Pour les démarches administratives générales, les sites officiels comme Service-public.fr et le Code du travail numérique peuvent aider à vérifier les règles applicables et à identifier les bons interlocuteurs.
Recours et situations particulières : quand demander de l’aide
La plupart des licenciements en liquidation judiciaire suivent une logique économique réelle. Cela ne signifie pas que tout est incontestable. Un salarié peut agir si la procédure n’a pas été respectée, si les montants sont erronés, si une discrimination est suspectée ou si son statut impose une protection particulière.
Salariés protégés, maintien d’activité et cession
Certains salariés bénéficient d’une protection spécifique, notamment les représentants du personnel.
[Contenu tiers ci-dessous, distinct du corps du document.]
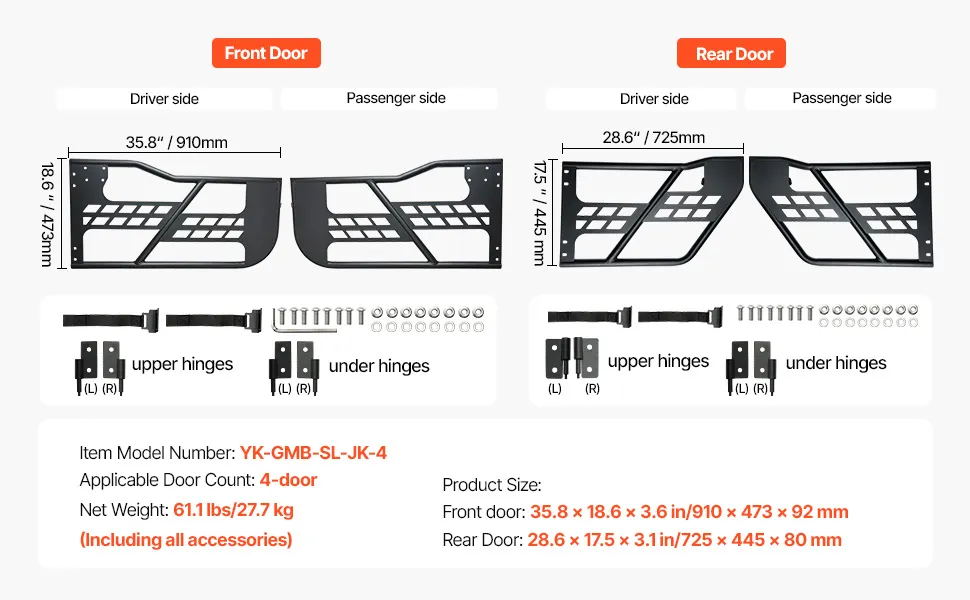 Compatibilità: Progettate per la Jeep Wrangler JK 2007-2018, queste porte tubolari in stile hunting si adattano sia al lato anteriore che posteriore del conducente e del passeggero. Il set completo di quattro porte migliora la visibilità e il flusso d'aria nell'abitacolo
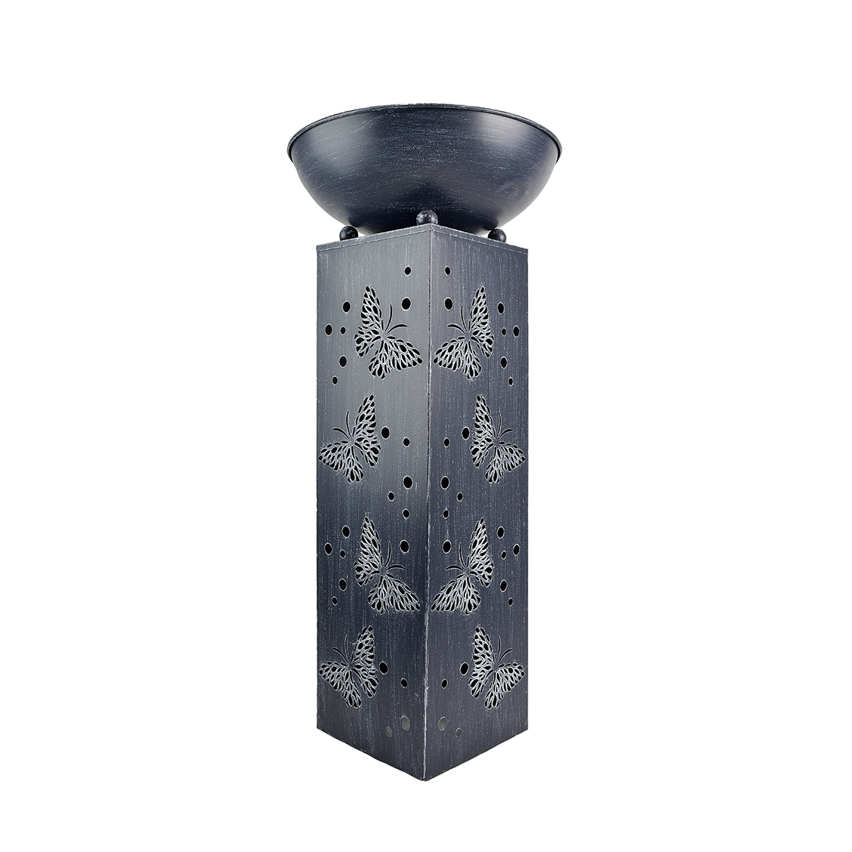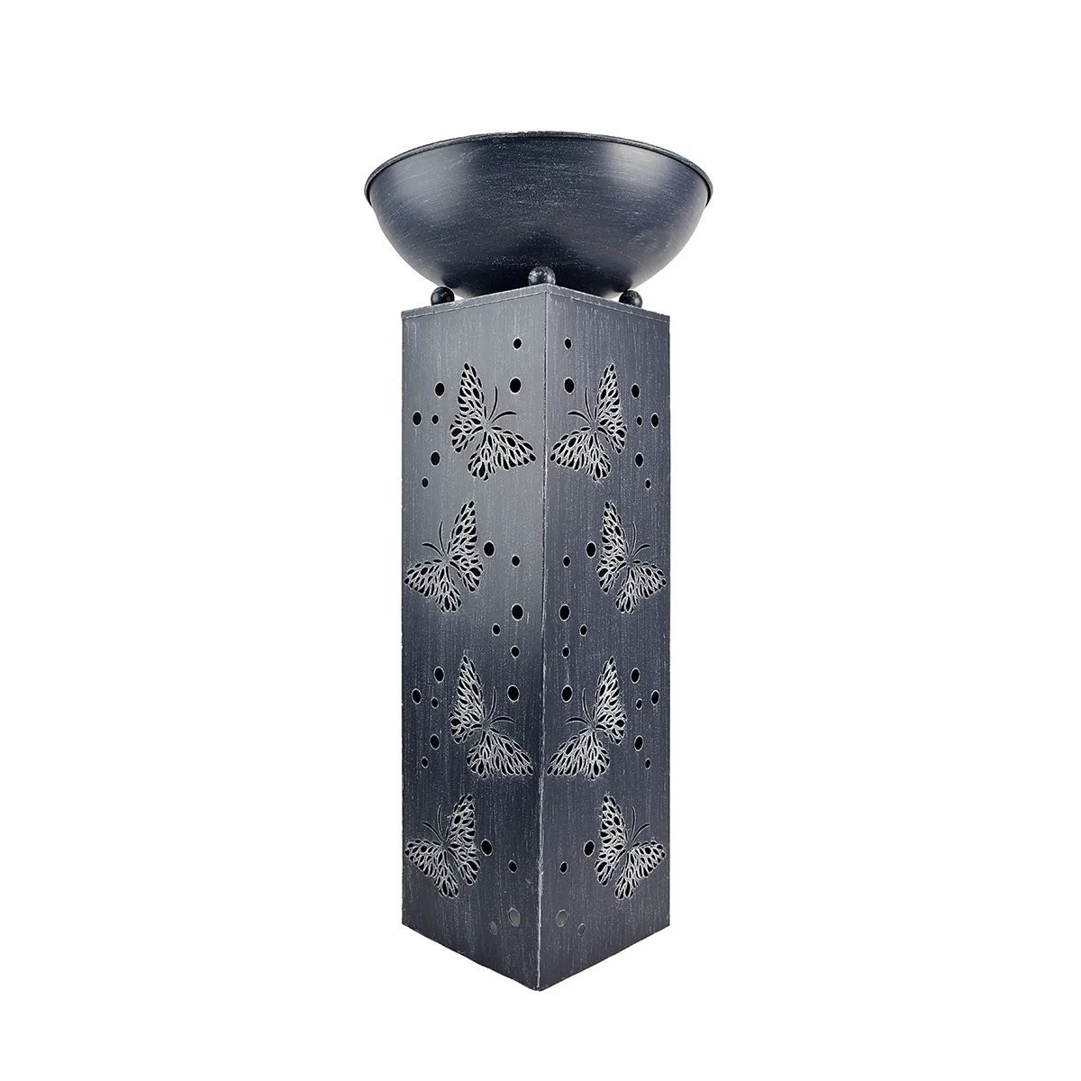 Metal Illuminated Butterfly Stand with Planter Bowl on Top 28.3in Battery Operated

Leur licenciement obéit à des règles particulières et ne doit pas être traité comme un licenciement ordinaire. De même, si le tribunal autorise un maintien provisoire d’activité ou un plan de cession, tous les contrats ne sont pas rompus au même moment : certains peuvent être conservés temporairement ou transférés selon les conditions retenues.
Contester une erreur ou une irrégularité
Si vous constatez une anomalie, commencez par une demande écrite au liquidateur, claire et documentée. Si le désaccord persiste, le conseil de prud’hommes peut être saisi pour trancher un litige lié au contrat de travail, aux salaires ou au licenciement. L’enjeu n’est pas seulement juridique. Il est aussi concret : plus vous agissez tôt, plus vous limitez le risque de documents manquants, de délais qui s’allongent ou de droits mal calculés.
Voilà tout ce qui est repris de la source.